● **PROBLEM**
Keep the pictures out. Copy every line of the listing exactly.

● **THE DATA**

◆ ◆ ◆ ◆ ◆ ◆ ◆

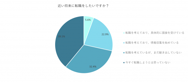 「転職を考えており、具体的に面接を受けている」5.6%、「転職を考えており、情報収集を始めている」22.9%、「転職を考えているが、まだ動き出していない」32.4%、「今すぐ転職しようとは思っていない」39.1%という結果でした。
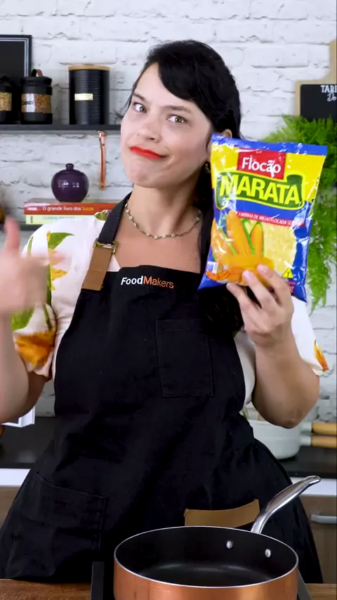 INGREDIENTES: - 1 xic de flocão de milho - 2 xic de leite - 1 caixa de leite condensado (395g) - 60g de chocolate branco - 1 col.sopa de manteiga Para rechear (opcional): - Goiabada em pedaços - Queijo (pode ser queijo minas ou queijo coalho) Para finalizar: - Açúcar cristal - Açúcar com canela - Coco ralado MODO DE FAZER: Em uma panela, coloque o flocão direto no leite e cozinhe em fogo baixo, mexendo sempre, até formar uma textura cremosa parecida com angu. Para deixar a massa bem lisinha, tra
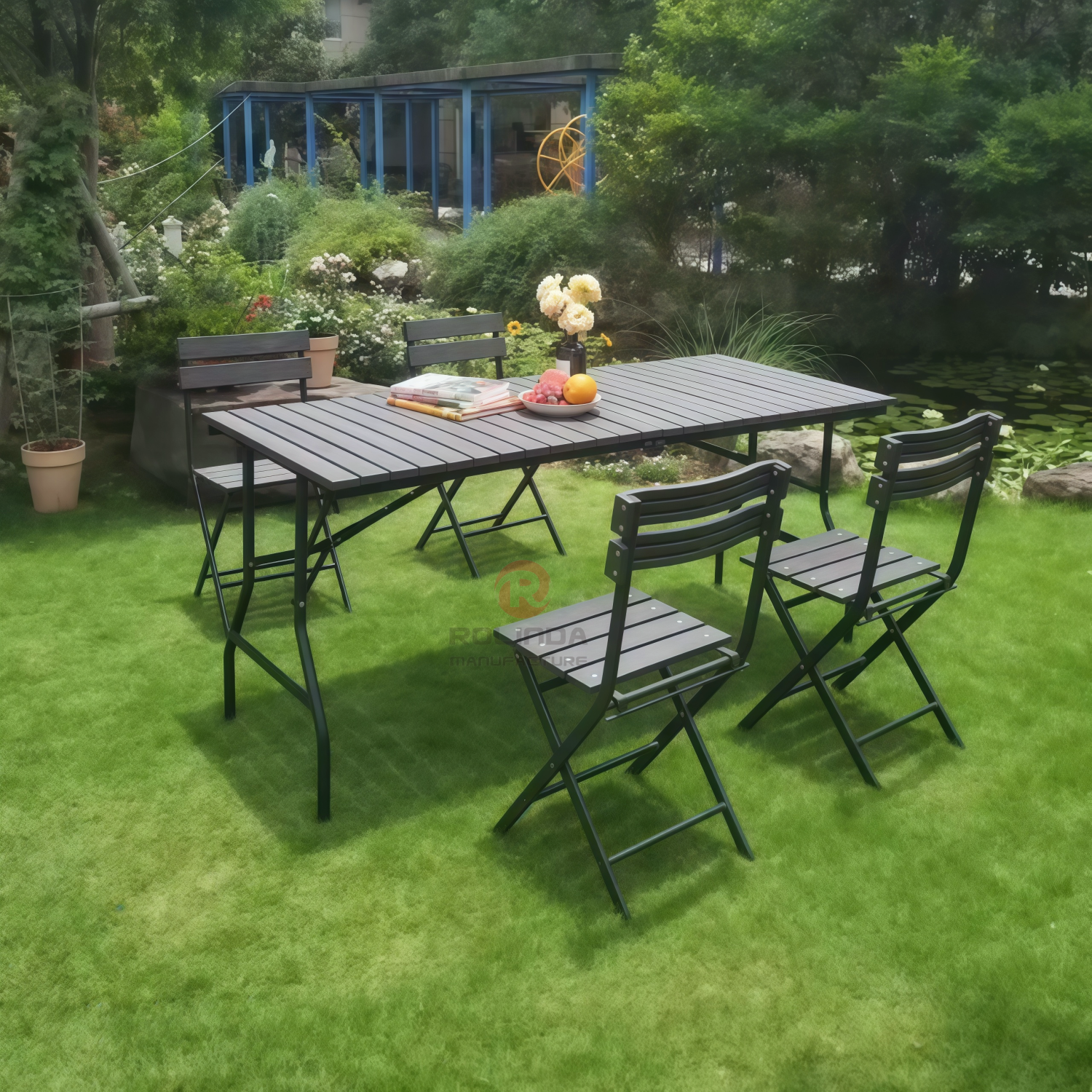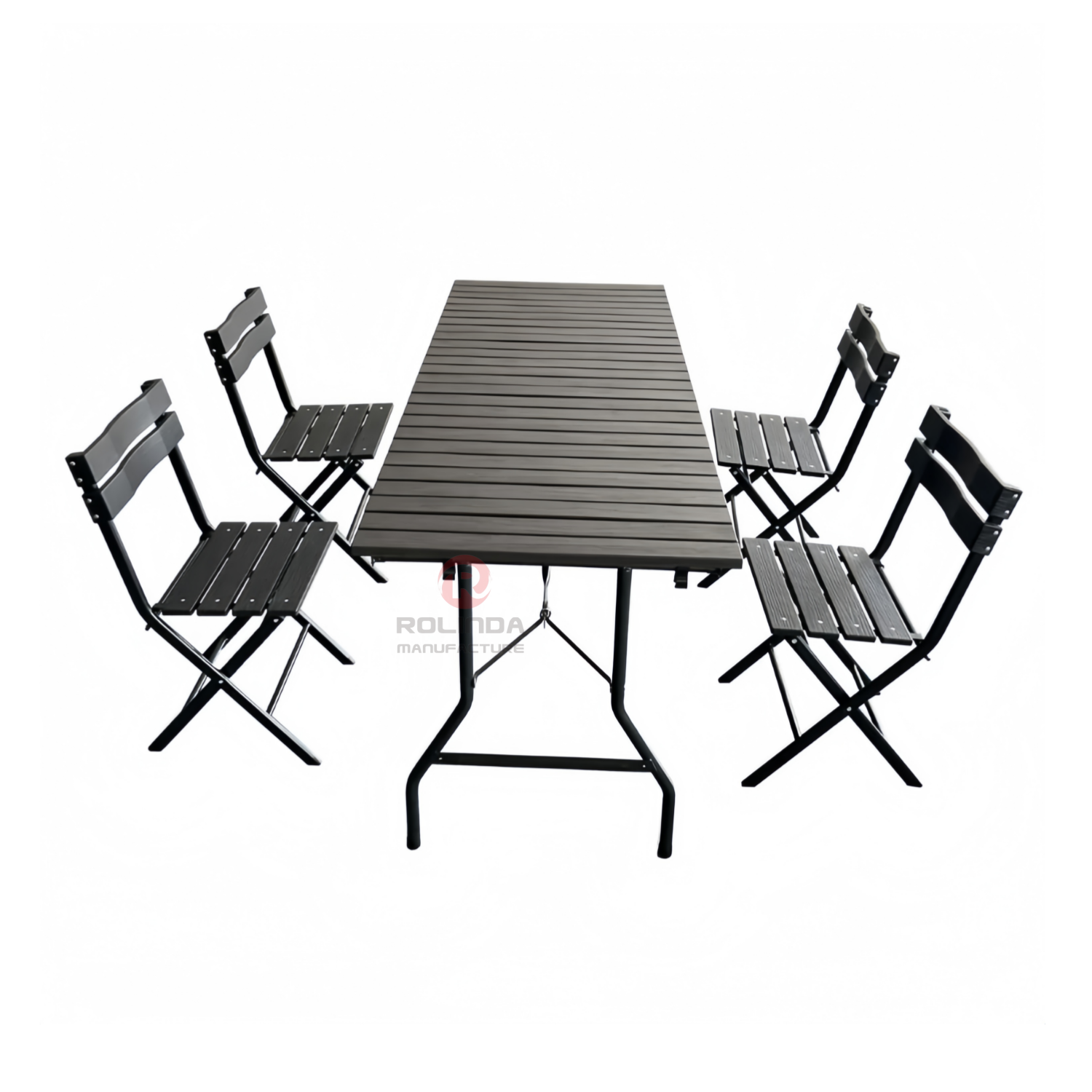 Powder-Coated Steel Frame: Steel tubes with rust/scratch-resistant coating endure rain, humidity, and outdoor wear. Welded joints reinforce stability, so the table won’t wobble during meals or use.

◆ ◆ ◆ ◆ ◆ ◆ ◆

● **SOLVED EXERCISE**
 「転職を考えており、具体的に面接を受けている」5.6%、「転職を考えており、情報収集を始めている」22.9%、「転職を考えているが、まだ動き出していない」32.4%、「今すぐ転職しようとは思っていない」39.1%という結果でした。
 INGREDIENTES: - 1 xic de flocão de milho - 2 xic de leite - 1 caixa de leite condensado (395g) - 60g de chocolate branco - 1 col.sopa de manteiga Para rechear (opcional): - Goiabada em pedaços - Queijo (pode ser queijo minas ou queijo coalho) Para finalizar: - Açúcar cristal - Açúcar com canela - Coco ralado MODO DE FAZER: Em uma panela, coloque o flocão direto no leite e cozinhe em fogo baixo, mexendo sempre, até formar uma textura cremosa parecida com angu. Para deixar a massa bem lisinha, tra
 Powder-Coated Steel Frame: Steel tubes with rust/scratch-resistant coating endure rain, humidity, and outdoor wear. Welded joints reinforce stability, so the table won’t wobble during meals or use.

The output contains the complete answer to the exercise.